Reality reeled her out of her thoughts as the RAID van screeched to a halt in front of the looming tenement. The back door burst open and a swarm of armed men emerged from the van into the misty night.
Samia slowed her vehicle and pulled up to the curb. Clouds of fog swallowed up
the beams of her car. As she got out of the Peugeot, the raw April wind pierced her jacket and she clenched her jaw, fingers tight around the steel grip of her service revolver. The building felt abandoned, further heightening her unease. Many of the residents didn’t hold down steady jobs, and the apartments normally teemed with life and activity. There should be gangs of teens lurking near the entrance, locals shuffling down the sidewalks, lights flickering in windows. But the structure appeared as deserted as a moonscape. An eerie, unnatural silence reigned, almost as if aliens had abducted everyone in the vicinity. Something was wrong. And judging from the nervous expressions on the team members’ faces, they sensed it too.
“They knew we were coming,” Samia said to her partner. She wasn’t fatalistic, but the certainty had been building all day. Now that they were finally here, her worst fears seemed to be coming true. The tower loomed, oppressive and intimidating. Something waited within its thick walls, something that was all too aware of the twelve RAID team members and two homicide detectives making their way through its arched main entrance.
Deep down, Samia sensed they were walking into a trap.
Chapter Seven
A scream woke Yasmine in the middle of the night.
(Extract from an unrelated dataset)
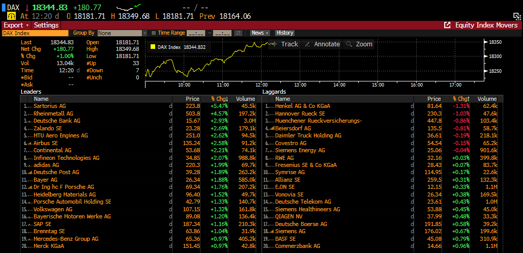 Most of the DAX40 companies are up today. Sartorius, Rheinmetall, Deutsche Bank and Zalando stand out with increases. Porsche and Volkswagen are also doing better. Henkel and Beiersdorf are the weakest DAX components today. Source: Bloomberg Finance L.P

For a disorientated moment she drifted, neither asleep nor awake, still wondering if the cry had been an echo of a dream. Then a second bloodcurdling cry cut through the night, and she jerked upright. Eyes wide open now, she rolled out of bed. This wasn’t the first time high-pitched shouts had awoken her in the last month. It was turning into a semi-regular occurrence. She eyed the time on her phone; it was three-thirty in the morning. The terrified screams as well as the freezing cold inside her subsidized housing unit made her shake all over. Yasmine felt like she was seventeen going on ninety. Life in the banlieues had forced her to grow up quickly.
She wrapped a blanket around her body as she opened the bedroom window. Wind lashed her face with arctic force and her teeth chattered. Who needed coffee when one had a French spring? Many of the older Algerians complained incessantly about the damp weather in their adopted country and for once, she found herself on the same page.